LLM model scoring hides AI agent performance
Date
May 13, 2025
Category
CareOps
Author
Thomas Vande Casteele
With “Agents” cropping up everywhere, so do evaluations of those “Agents”. On closer inspection, most of the time these evaluations track how the model is doing, not the Agent itself - let alone if multiple agents need to collaborate.
In this article we argue why model metrics miss the point, what metrics we should actually be focusing on when evaluating AI agents for healthcare and how the 2 are connected.
Where AI agents actually show up today
Before we worry about metrics, let’s define what an AI agent is and map the user‑interface patterns that dominate current deployments.

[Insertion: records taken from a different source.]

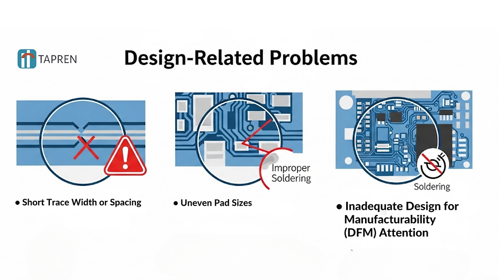 ● These problems may arise due to short trace width or spacing, which may lead to open circuits.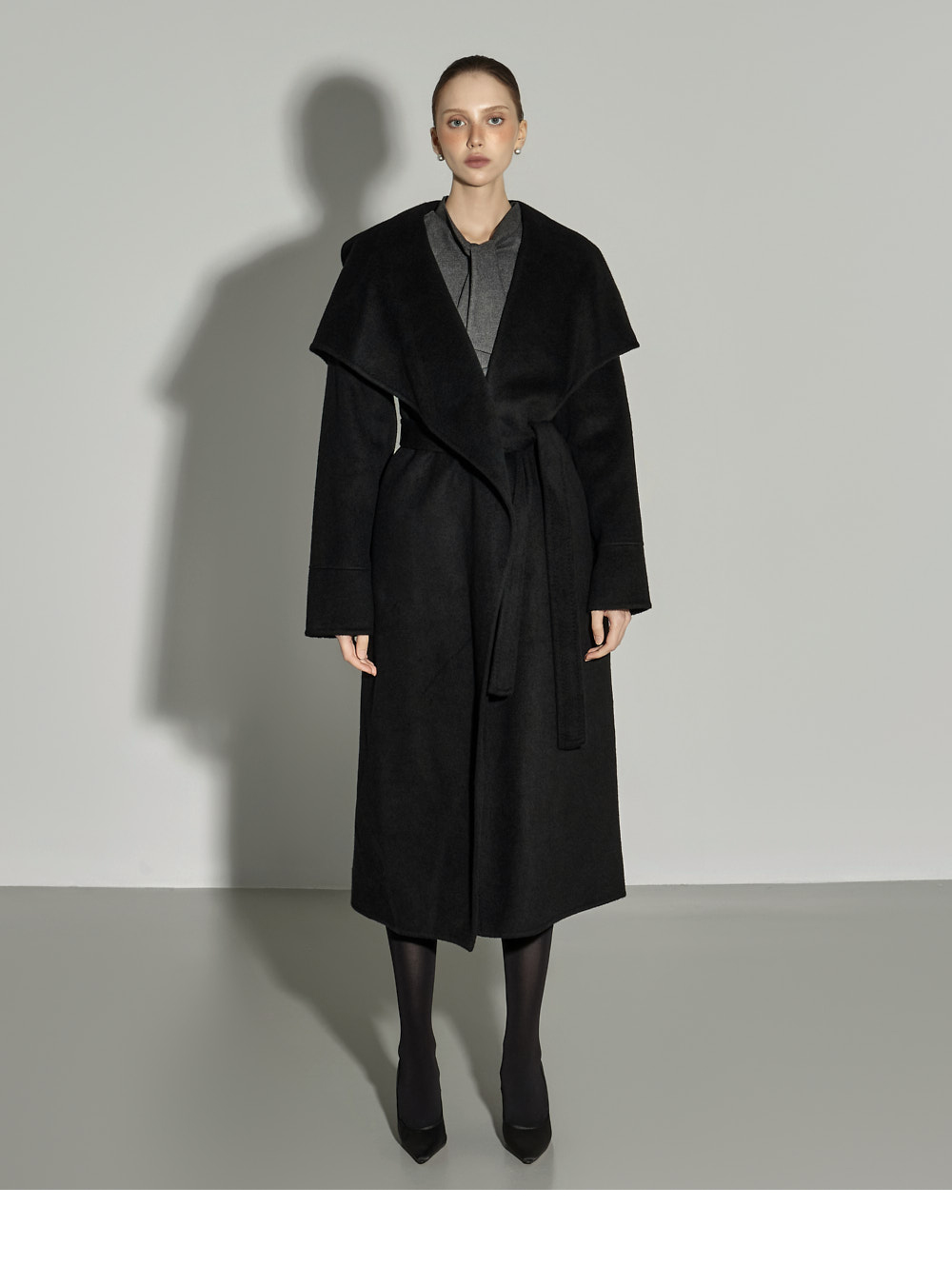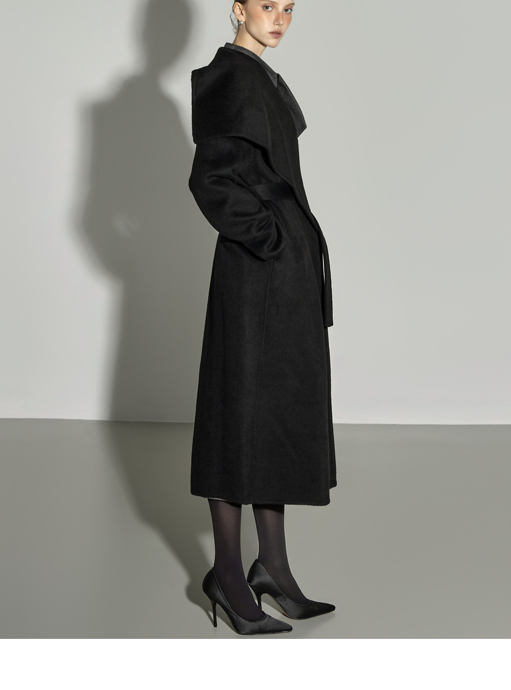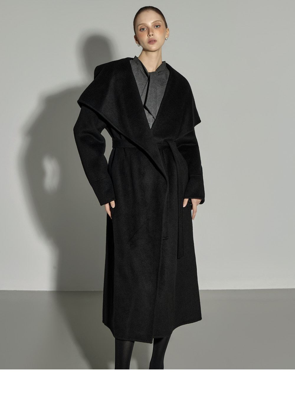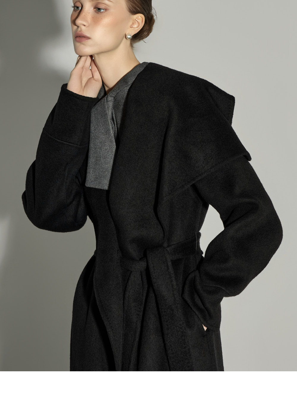 세련된 실루엣이 돋보이는 양모 코트입니다.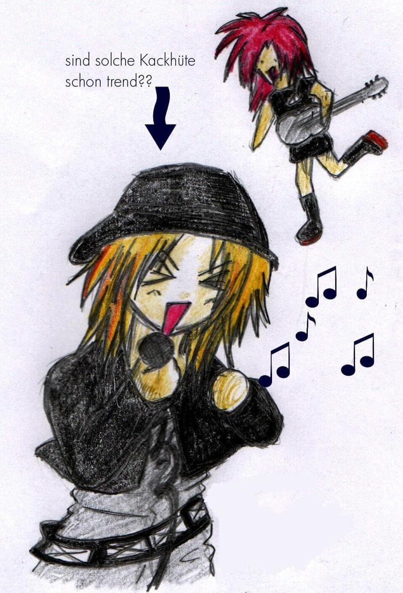 Die and Kyo as Chibis. Actually, I really like Kyo with his hat, but when I drew him the hat went so wrong ... Well, that's why shit hats. It looks a bit limited on the pic, I apologize for that _ (-.-) _

Whereas the software industry prefers talking about agentic systems, the term getting wider adoption in healthcare is AI Agents. An informal definition of such an AI agent could be:
AI agent: a digital teammate, powered by an LLM (or other AI model), that observes its environment, uses the model to plan next steps, and executes by calling the right tools - cycling through a “see-think-do” loop governed by guardrails until the job is done or is handed off to a human.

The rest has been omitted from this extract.